Entries taken from a collection

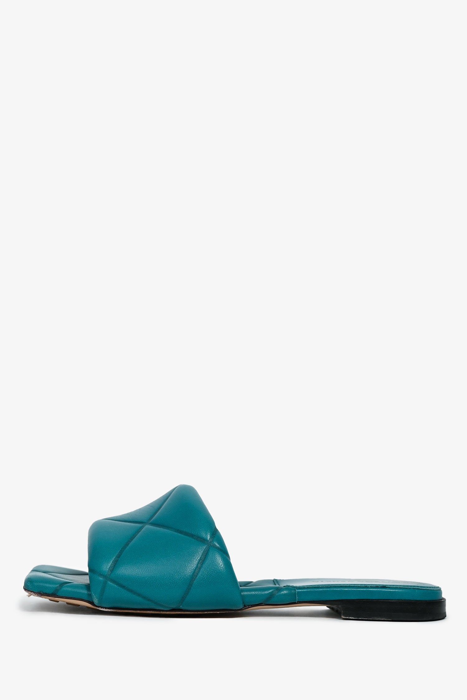 Refresh availabilityBottega Veneta Teal Quilted Leather 'Lido' Flat Sandals. Open toe. Slip-on. Tonal stitching.
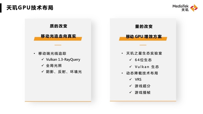 MediaTek基于移动端游戏等应用的发展特征,提出移动GPU增效方案,针对GPU性能提升,搭配GPU周边技术,实现保持系统资源平衡的基础上,满足高复杂度内容的计算需求。从性能和能效提升、生态发展、平台软件优化、自研算法等不同维度布局技术。
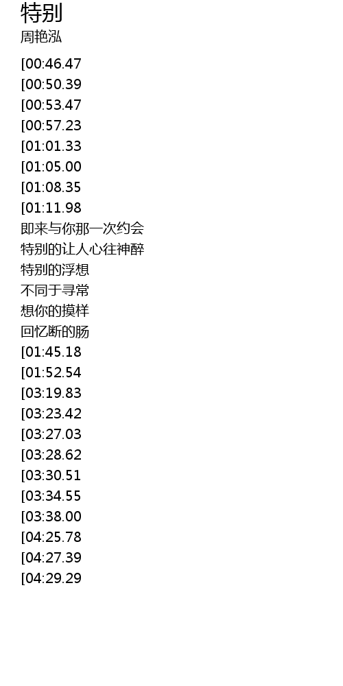 | [04:12.76][03:28.62][02:07.69] | 特别的优美 |
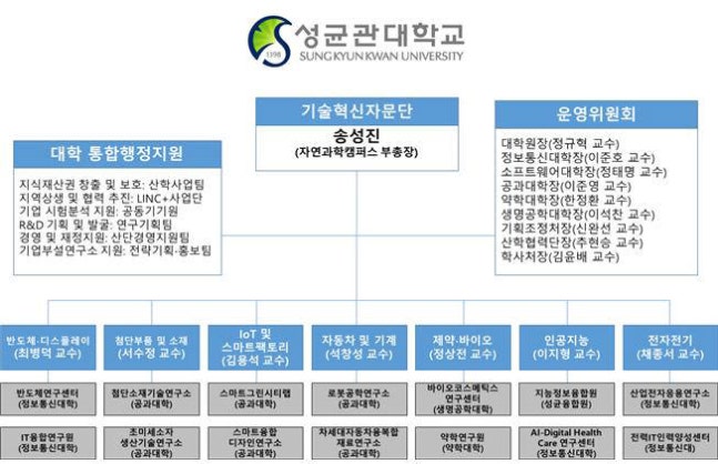 ±â¼úÇõ½ÅÀÚ¹®´ÜÀº ÀÚ¿¬°úÇÐÄ·ÆÛ½º ¼Û¼ºÁø ºÎÃÑÀå(±â°è°øÇкÎ)À» ´ÜÀåÀ¸·Î ÇØ ¼º±Õ°ü´ë ³» ±â¾÷Çõ½Å¼ºÀåÁö¿ø¼¾ÅÍ¿Í Áö¿ª»ó»ý¹ßÀüÃËÁø¼¾Å͸¦ Áß½ÉÀ¸·Î ¿î¿µµÈ´Ù. ¡â¹ÝµµÃ¼/µð½ºÇ÷¹ÀÌ(ÃÖº´´ö ±³¼ö) ¡â÷´ÜºÎǰ ¹× ¼ÒÀç(¼¼öÁ¤ ±³¼ö) ¡â»ç¹°ÀÎÅͳÝ(IoT) ¹× ½º¸¶Æ®ÆÑÅ丮(±è¿ë¼® ±³¼ö) ¡âÀÚµ¿Â÷ ¹× ±â°è(¼®Ã¢¼º ±³¼ö) ¡âÁ¦¾à¹ÙÀÌ¿À(Á¤»óÀü ±³¼ö) ¡âÀΰøÁö´É(ÀÌÁöÇü ±³¼ö) ¡âÀüÀÚÀü±â(äÁ¾¼ ±³¼ö) µî ÃÑ 7°³ ºÐ¾ß¿¡ Àü´ã ±³¼ö¸¦ µÐ´Ù. »êÇÏ ¼¾ÅÍ¿Í ¿¬±¸¼Ò µî¿¡¼ ¾Ö·Î±â¼ú µî¿¡ ´ëÇÑ Á÷Á¢ Áö¿øÀ» ÇÑ´Ù.
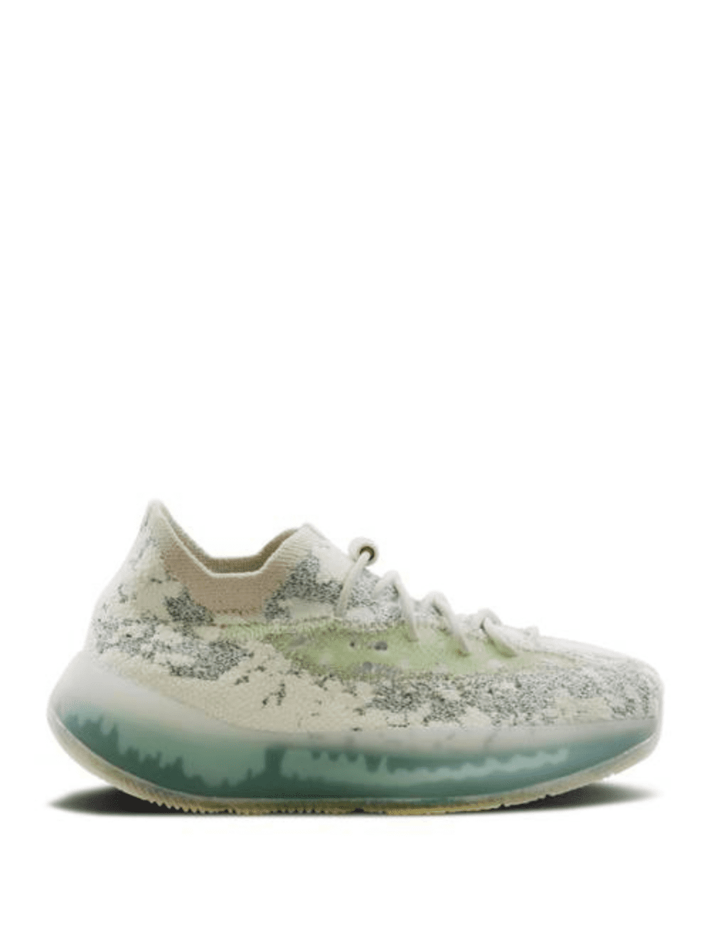 - Released in May 2021, the Yeezy Boost 380 Kids 'Alien Blue' features a look similar to 2019's debut 'Alien' colorway. The shoe's upper is built with reengineered Primeknit, which sports a camouflage-style mix of white and grey. Green accents the monofilament window on the side wall, while no-tie laces secure the fit. Underfoot, a full-length Boost midsole in a rubber cage provides cushioning, giving way to a herringbone rubber outsole for traction.
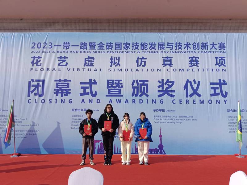 近日,2023“一带一路”暨金砖国家技能发展与技术创新大赛花艺虚拟仿真赛项在河南林业职业学院隆重举行。来自全国26个省、市、区、104所院校,800余名领导、专家、裁判员和参赛选手参加了盛会。艺术创意学院高度重视,师生积极筹备。经过数月的认真训练,通过现场激烈角逐,学生孙思雨、麻语桐稳定发挥,荣获一等奖。査智豪、殷未获得三等奖。蒋竹鸣、胡成成获得优秀指导教师荣誉。
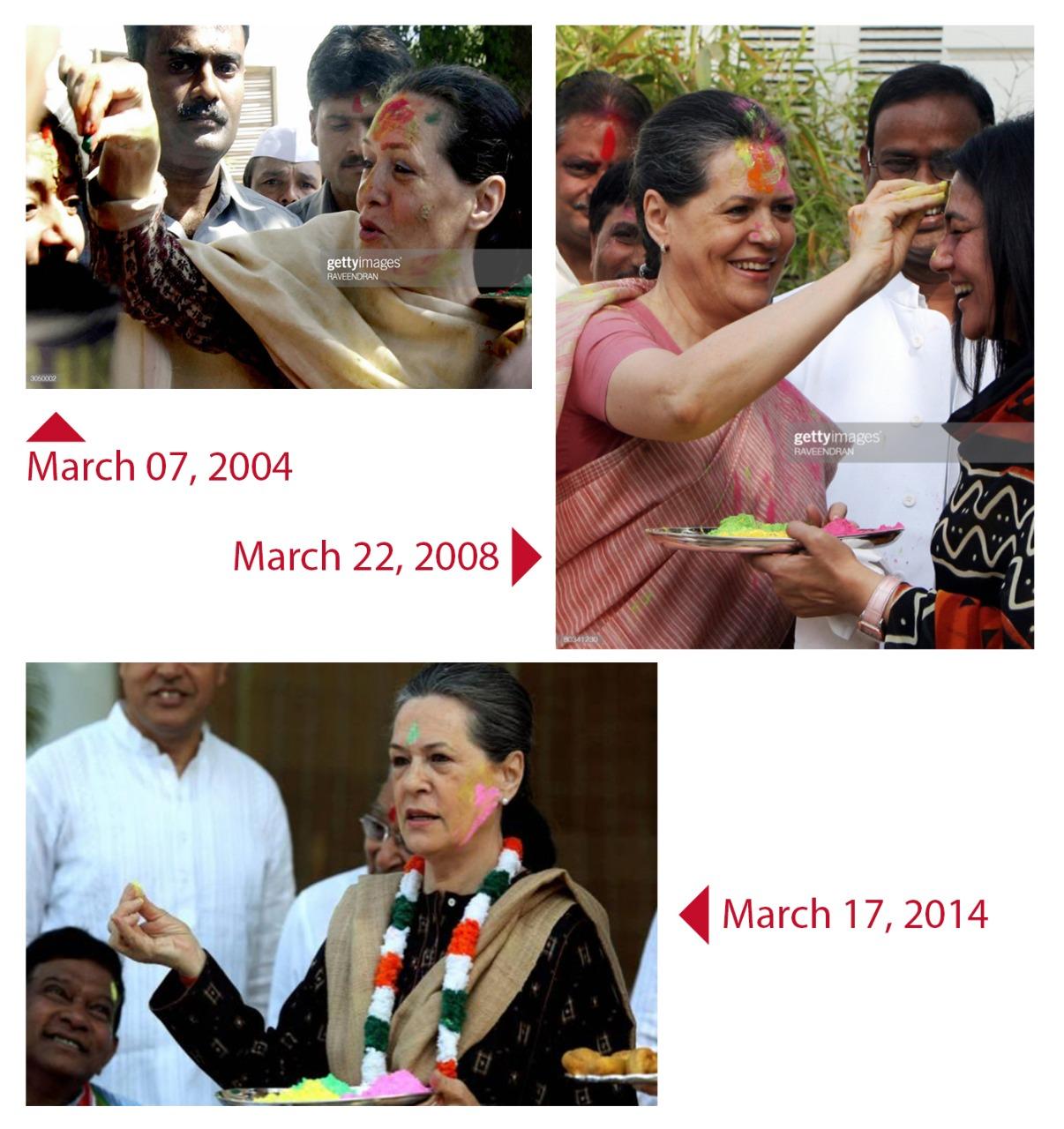 वायरल दावों में कहा जा रहा है कि सोनिया गांधी को मोदी की बढ़ती ताकत की वजह से पहली बार होली मनानी पड़ी. ये दावा इसलिए सही नहीं है क्योंकि हमें सोनिया गांधी की साल 2004 , 2008 और 2014 की कुछ तस्वीरें मिली जिसमें वह रंगो से होली का उत्सव मनाती दिख रही हैं. ये तस्वीरें "गेट्टी इमेजेस" और 'वन इंडिया' की वेबसाइट पर देखी जा सकती हैं.
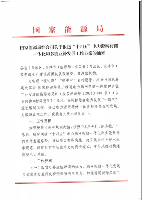 中國儲能網(wǎng)訊:4月25日,國家能源局綜合司向各省市發(fā)改委及能源局印發(fā)《關(guān)于報送“十四五”電力源網(wǎng)荷儲一體化和多能互補(bǔ)工作方案的通知》,就“碳達(dá)峰”、“碳中和”目標(biāo)下推動電力源網(wǎng)荷儲一體化和多能互補(bǔ)發(fā)布給出指導(dǎo)意見。
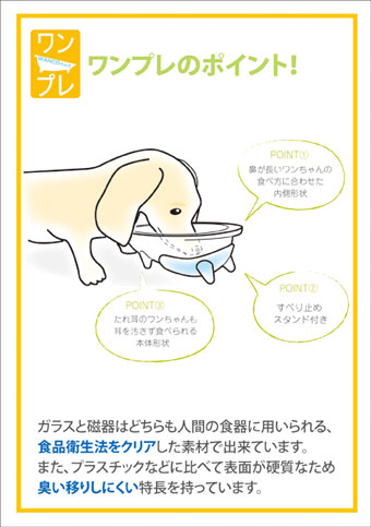 アニマル工学に基づいた常識を覆すフードボウル誕生! また"たれ耳"の犬は食事の際に耳が汚れてしまう、といった問題もリサーチの結果わかりました。 アニマル工学の考え方から、これらの問題を解決し、より自然な動きでごはんを食べてもらえるよう工夫した新しい犬用食器「ワンプレ」の登場です!!食器やキッチン用品に使われる耐熱ガラス製なので、電子レンジOK! 雑菌の繁殖やニオイ移りしないため、お手入れ簡単で清潔にお使いいただけます。 日本が世界に誇る「有田焼」の確かな品質で作っています。 人間の食器と同じ素材を使用しているので、大切なワンちゃんにも安心してお使いいただけます。 電子レンジで簡単調理もOK! 食事中に容器が滑らないようにシリコーンのスタンドをつけました。 シリコーンは医療用品や哺乳瓶のニップル(吸い口)にも使われている安心素材です。 本体と一緒に電子レンジに入れられます。 お洒落なフードボウルがない!という声を参考に、どんなインテリアにも合うよう4種類のカラーバリエーションと、ガラスと有田焼の2タイプを用意しました。 メーカー ハリオ HARIO ペットのフードボール 小型犬 |
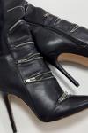 ブラックのオーバーニーブーツ、つま先が尖ったジッパーディテールのハイヒールサイハイブーツ
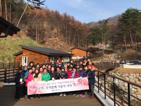 [비전21] 구리시는 지난 16일 ‘한국산림복지진흥원 녹색자금 지원’으로 경기도 양평군 국립양평 치유의 숲에서 취약 계층 독거노인 30여명을 대상으로 ‘머무름의 숲’ 체험 프로그램을 진행했다.
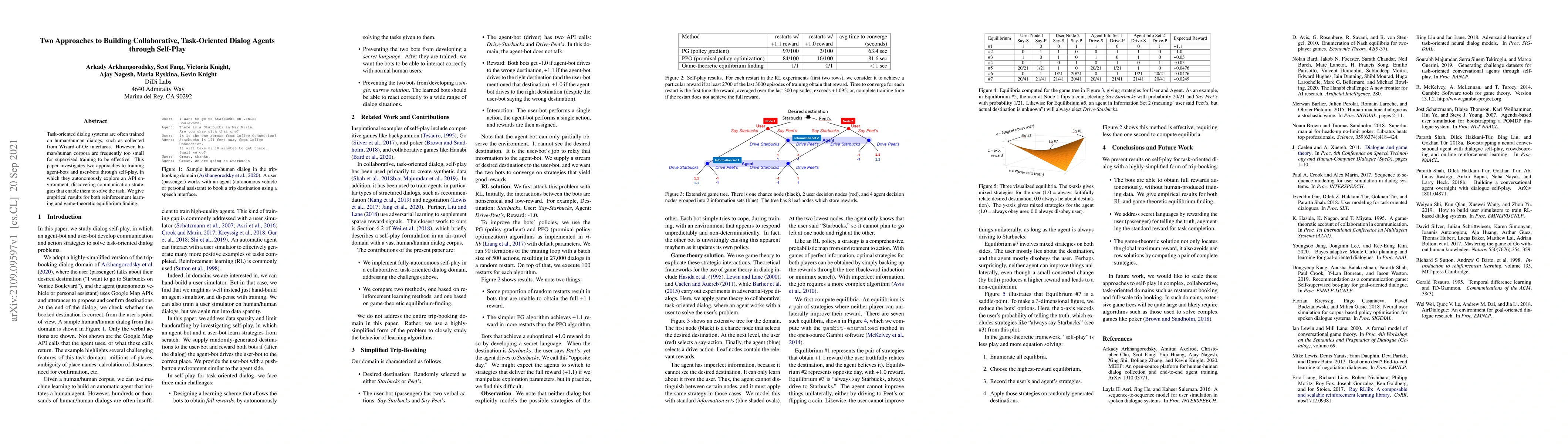 Researchers explored two approaches to training task-oriented dialog agents through self-play, achieving success in both reinforcement learning and game-theoretic equilibrium finding.

(Work order) Print the data above exactly, minus pictures.

(Exercise output)
 Refresh availabilityBottega Veneta Teal Quilted Leather 'Lido' Flat Sandals. Open toe. Slip-on. Tonal stitching.
 MediaTek基于移动端游戏等应用的发展特征,提出移动GPU增效方案,针对GPU性能提升,搭配GPU周边技术,实现保持系统资源平衡的基础上,满足高复杂度内容的计算需求。从性能和能效提升、生态发展、平台软件优化、自研算法等不同维度布局技术。
 | [04:12.76][03:28.62][02:07.69] | 特别的优美 |
 ±â¼úÇõ½ÅÀÚ¹®´ÜÀº ÀÚ¿¬°úÇÐÄ·ÆÛ½º ¼Û¼ºÁø ºÎÃÑÀå(±â°è°øÇкÎ)À» ´ÜÀåÀ¸·Î ÇØ ¼º±Õ°ü´ë ³» ±â¾÷Çõ½Å¼ºÀåÁö¿ø¼¾ÅÍ¿Í Áö¿ª»ó»ý¹ßÀüÃËÁø¼¾Å͸¦ Áß½ÉÀ¸·Î ¿î¿µµÈ´Ù. ¡â¹ÝµµÃ¼/µð½ºÇ÷¹ÀÌ(ÃÖº´´ö ±³¼ö) ¡â÷´ÜºÎǰ ¹× ¼ÒÀç(¼¼öÁ¤ ±³¼ö) ¡â»ç¹°ÀÎÅͳÝ(IoT) ¹× ½º¸¶Æ®ÆÑÅ丮(±è¿ë¼® ±³¼ö) ¡âÀÚµ¿Â÷ ¹× ±â°è(¼®Ã¢¼º ±³¼ö) ¡âÁ¦¾à¹ÙÀÌ¿À(Á¤»óÀü ±³¼ö) ¡âÀΰøÁö´É(ÀÌÁöÇü ±³¼ö) ¡âÀüÀÚÀü±â(äÁ¾¼ ±³¼ö) µî ÃÑ 7°³ ºÐ¾ß¿¡ Àü´ã ±³¼ö¸¦ µÐ´Ù. »êÇÏ ¼¾ÅÍ¿Í ¿¬±¸¼Ò µî¿¡¼ ¾Ö·Î±â¼ú µî¿¡ ´ëÇÑ Á÷Á¢ Áö¿øÀ» ÇÑ´Ù.
 - Released in May 2021, the Yeezy Boost 380 Kids 'Alien Blue' features a look similar to 2019's debut 'Alien' colorway. The shoe's upper is built with reengineered Primeknit, which sports a camouflage-style mix of white and grey. Green accents the monofilament window on the side wall, while no-tie laces secure the fit. Underfoot, a full-length Boost midsole in a rubber cage provides cushioning, giving way to a herringbone rubber outsole for traction.
 近日,2023“一带一路”暨金砖国家技能发展与技术创新大赛花艺虚拟仿真赛项在河南林业职业学院隆重举行。来自全国26个省、市、区、104所院校,800余名领导、专家、裁判员和参赛选手参加了盛会。艺术创意学院高度重视,师生积极筹备。经过数月的认真训练,通过现场激烈角逐,学生孙思雨、麻语桐稳定发挥,荣获一等奖。査智豪、殷未获得三等奖。蒋竹鸣、胡成成获得优秀指导教师荣誉。
 वायरल दावों में कहा जा रहा है कि सोनिया गांधी को मोदी की बढ़ती ताकत की वजह से पहली बार होली मनानी पड़ी. ये दावा इसलिए सही नहीं है क्योंकि हमें सोनिया गांधी की साल 2004 , 2008 और 2014 की कुछ तस्वीरें मिली जिसमें वह रंगो से होली का उत्सव मनाती दिख रही हैं. ये तस्वीरें "गेट्टी इमेजेस" और 'वन इंडिया' की वेबसाइट पर देखी जा सकती हैं.
 中國儲能網(wǎng)訊:4月25日,國家能源局綜合司向各省市發(fā)改委及能源局印發(fā)《關(guān)于報送“十四五”電力源網(wǎng)荷儲一體化和多能互補(bǔ)工作方案的通知》,就“碳達(dá)峰”、“碳中和”目標(biāo)下推動電力源網(wǎng)荷儲一體化和多能互補(bǔ)發(fā)布給出指導(dǎo)意見。
 アニマル工学に基づいた常識を覆すフードボウル誕生! また"たれ耳"の犬は食事の際に耳が汚れてしまう、といった問題もリサーチの結果わかりました。 アニマル工学の考え方から、これらの問題を解決し、より自然な動きでごはんを食べてもらえるよう工夫した新しい犬用食器「ワンプレ」の登場です!!食器やキッチン用品に使われる耐熱ガラス製なので、電子レンジOK! 雑菌の繁殖やニオイ移りしないため、お手入れ簡単で清潔にお使いいただけます。 日本が世界に誇る「有田焼」の確かな品質で作っています。 人間の食器と同じ素材を使用しているので、大切なワンちゃんにも安心してお使いいただけます。 電子レンジで簡単調理もOK! 食事中に容器が滑らないようにシリコーンのスタンドをつけました。 シリコーンは医療用品や哺乳瓶のニップル(吸い口)にも使われている安心素材です。 本体と一緒に電子レンジに入れられます。 お洒落なフードボウルがない!という声を参考に、どんなインテリアにも合うよう4種類のカラーバリエーションと、ガラスと有田焼の2タイプを用意しました。 メーカー ハリオ HARIO ペットのフードボール 小型犬 |
 ブラックのオーバーニーブーツ、つま先が尖ったジッパーディテールのハイヒールサイハイブーツ
 [비전21] 구리시는 지난 16일 ‘한국산림복지진흥원 녹색자금 지원’으로 경기도 양평군 국립양평 치유의 숲에서 취약 계층 독거노인 30여명을 대상으로 ‘머무름의 숲’ 체험 프로그램을 진행했다.
 Researchers explored two approaches to training task-oriented dialog agents through self-play, achieving success in both reinforcement learning and game-theoretic equilibrium finding.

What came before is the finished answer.